- Education: Presidency College, Kolkata University of Calcutta Bose Institute
- Known for: Research in biochemistry and academic administration
- Scientific career
- Fields: Biochemistry
- Workplaces: University of Calcutta Amity University Kolkata Sister Nivedita University

= Dhrubajyoti Chattopadhyay =

Indian biochemist and academic administrator

Dhrubajyoti Chattopadhyay (1954) is an Indian biochemist and academic administrator. He has served as the Vice-Chancellor of Sister Nivedita University in Kolkata since January 2020. He previously served as the founding Vice-Chancellor of Amity University Kolkata from 2015 to 2019, the Dean of the Faculty of Science and Pro-Vice-Chancellor of the University of Calcutta and as the Director at the Centre for Research in Nano Science and Nano Technology at the University from 2007 till 2015.
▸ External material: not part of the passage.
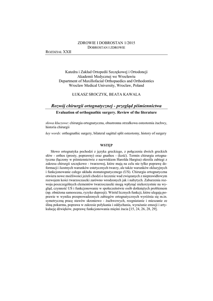 ZDROWIE I DOBROSTAN 1/2015 DOBROSTAN I ZDROWIE ROZDZIAŁ XXII Katedra i Zakład Ortopedii Szczękowej i Ortodoncji Akademii Medycznej we Wrocławiu Department of Maxillofacial Orthopaedics and Orthodontics Wroclaw Medical University, Wroclaw, Poland ŁUKASZ SROCZYK, BEATA KAWALA Rozwój chirurgii ortognatycznej - przegląd piśmiennictwa Evaluation of orthognathic surgery. Review of the literature słowa kluczowe: chirurgia ortognatyczna, obustronna strzałkowa osteotomia żuchwy, historia chirurgii key words: orthognathic surgery, bilateral sagittal split osteotomy, history of surgery WSTĘP Słowo ortognatyka pochodzi z języka greckiego, z połączenia dwóch greckich słów - orthos (prosty, poprawny) oraz gnathos - (kość). Termin chirurgia ortognatyczna (łączony w piśmiennictwie z nazwiskiem Harolda Hargisa) określa zabiegi z zakresu chirurgii szczękowo - twarzowej, które mają na celu nie tylko poprawę deformacji i kostnych warunków estetycznych twarzy, ale także warunków okluzyjnych i funkcjonowanie całego układu stomatognatycznego (US). Chirurgia ortognatyczna otwiera nowe możliwości jeżeli chodzi o leczenie wad związanych z nieprawidłowym rozwojem kości twarzoczaszki zarówno wrodzonych jak i nabytych. Zaburzenia rozwoju poszczególnych elementów twarzoczaszki mogą wpłynąć niekorzystnie na wygląd, czynność US i funkcjonowanie w społeczeństwie osób dotkniętych problemem (np. obniżona samoocena, ryzyko depresji). Wśród licznych funkcji, które ulegają poprawie w wyniku przeprowadzonych zabiegów ortognatycznych wyróżnia się m.in. symetryczną pracę stawów skroniowo - żuchwowych, rozgniatanie i mieszanie ze śliną pokarmu, poprawa w zakresie połykania i oddychania, wyrażanie emocji i artykulację dźwięków, poprawę funkcjonowania mięśni żucia [15, 24, 26, 28, 29]. ZDROWIE I DOBROSTAN 1/2015 Dobrostan i zdrowie Obecnie wśród zabiegów z zakresu chirurgii ortognatycznej najczęściej wykonywanymi są: osteotomia szczęki, osteotomia żuchwy, zabiegi dwuszczękowe - bimaxilarne, genioplastyka, chirurgiczne rozerwanie szwu podniebiennego oraz zabiegi dystrakcyjne. Obserwuje się również, że w przypadku dzieci i młodzieży skuteczny efekt leczniczy osiąga się z wykorzystaniem aparatów ortodontycznych, zarówno stałych jak i ruchomych. Prawdopodobnie od samych początków ludzkość zwracała uwagę na piękno i harmonię twarzy. Już w starożytnym Egipcie próbowano definiować kanony piękna i podejmowano próby korekty widocznych niedoskonałości, jednak ze względu na brak możliwości terapeutycznych, jak na ówczesne czasy, zakres działań korekcyjnych był ograniczony. Nową erę w medycynie zabiegowej otworzyło odkrycie w XIX w znieczulenia ogólnego (1846r. - William T.G. Morton - doniesienie o skutecznym znieczuleniu eterem), które pozwoliło na przeprowadzenie pierwszych zabiegów ortognatycznych. W tamtym okresie do korekty zniekształceń twarzy nierzadko wykorzystywano techniki opierające się na dostępach do guzów w środkowej części twarzoczaszki [20]. Pierwsze opisane doniesienia dotyczące zabiegów z zakresu ortognatyki pochodzą z połowy XIX wieku z Wheeling w Zachodniej Virginii (USA), gdzie w 1849 roku Simon P. Hullihen przeprowadził, jeszcze bez znieczulenia ogólnego, zabieg korekcyjny deformacji w obrębie przedniej części żuchwy spowodowany rozległymi, ściągającymi bliznami [11]. Następne doniesienia pojawiają się dopiero po około 50 latach (1906 - 1907r.), kiedy to ortodonta z Saint Louis (USA) Edward Angle w zespole razem z chirurgiem Vilray’m Blaire przeprowadzili zewnątrzustną poziomą osteotomię gałęzi żuchwy - zabieg repozycyjny u pacjenta z progenią, wykorzystując do repozycji szynę i bandaże do ustalenia odłamów po osteotomii [1,2,3]. W tym samym czasie w Europie podejmowane są próby zabiegów ortognatycznych na bazie dokonań opisywanych w amerykańskim piśmiennictwie, czasami w niewielkim stopniu modyfikowane. Wśród nazwisk pionierów - operatorów pojawiają się m.in. nazwiska: Bruhn i Lindemann [22, 23]. Berger (w 1897r.) podejmuje próbę korekty prognatyzmu żuchwy w zabiegu osteotomii w okolicy kłykcia. Pierwsza połowa XX wieku to w Europie czas działań wojennych i cała praca chirurgów kierowana jest na zabiegi z zakresu traumatologii. Mimo wszystko rozwój traumatologii powoduje mimowolnie rozwój technik operacyjnych w obrębie twarzoczaszki. W latach dwudziestych (1927r. i 1928r.) XX wieku w Niemczech pojawiają się opisy procedur chirurgicznych leczenia deformacji twarzoczaszki sygnowane nazwiskami Martina Wassmunda i Georga Axhausena. Jako powszechna akceptowana forma mobilizacji szczęki w zabiegach korekcyjnych wymieniana jest osteotomia Le Fort I [10, 23]. Rozwojowi technik operacyjnych towarzyszą coraz nowsze metody stabilizacji pozabiegowej. Obserwuje się, że ustabilizowane po repozycji złamania goją się szybciej niż w przypadku braku takiej stabilizacji. W ortognatyce są podejmowane próby ze szwami z drutu ligaturowego łączącymi odłamy kostne, indywidualnymi metalowymi szynami cementowanymi na zębach, wiązaniami ligaturowymi międzyszczękowymi. Współcześnie w zabiegach ortognatycznych wykorzystuje się aparaty stałe i wyciągi elastyczne oraz minipłytki do osteosyntezy stworzone przez 300 Łukasz Sroczyk, Beata Kawala Rozwój chirurgii ortognatycznej - przegląd piśmiennictwa Micheleta, Festala i Peri’ego w latach 1972 - 1973, a udoskonalone później przez Luhra w 1979r. [17]. Korzystnie wpływają one na stabilne utrzymanie blisko siebie odłamów kości co przyspiesza proces gojenia, umożliwia szybszą rehabilitację czynnościową, skrócenie czasu hospitalizacji i obniżenie kosztów leczenia [21]. Miedzy innymi dzięki wprowadzeniu zasad aseptyki i antybiotykoterapii możliwe stało się zastosowanie płytek i śrub do osteosytezy mocowanych bezpośrednio do kości [2]. Pojawiają się coraz liczn

==Early life and education==

Chattopadhyay obtained his Bachelor of Science degree in Chemistry from Presidency College, Kolkata. He later completed a Master of Science degree in Biochemistry at the University of Calcutta. He received his PhD in Biochemistry from the Bose Institute, Kolkata.

==Academic career==

Chattopadhyay began his teaching career in 1981 as a lecturer in the Department of Chemistry at Jogamaya Devi College in Kolkata. In 1983 he joined the Department of Biochemistry at the University of Calcutta as a lecturer. In 1997 he became the Guha Professor at the Dr. B. C. Guha Centre for Genetic Engineering and Biotechnology at the University of Calcutta.

During his tenure at the university, he served as the Dean of the Faculty of Science (2003–2007), Director of the Centre for Research in Nanoscience and Nanotechnology (2007–2015) and Pro-Vice-Chancellor (2008–2015). In 2015 he was appointed the founding Vice-Chancellor of Amity University Kolkata. Since January 2020 he has served as the Vice-Chancellor of Sister Nivedita University in Kolkata.

Chattopadhyay's research work focuses on molecular biology, biochemistry, and biotechnology. He has received several academic recognitions. He is the elected Fellow of the National Academy of Sciences, India, Fellow of the Indian Academy of Sciences, Fellow of the West Bengal Academy of Science and Technology. He also received the UNESCO–IUMS MIRCEN-SGM fellowship to carry out research at the University of Texas.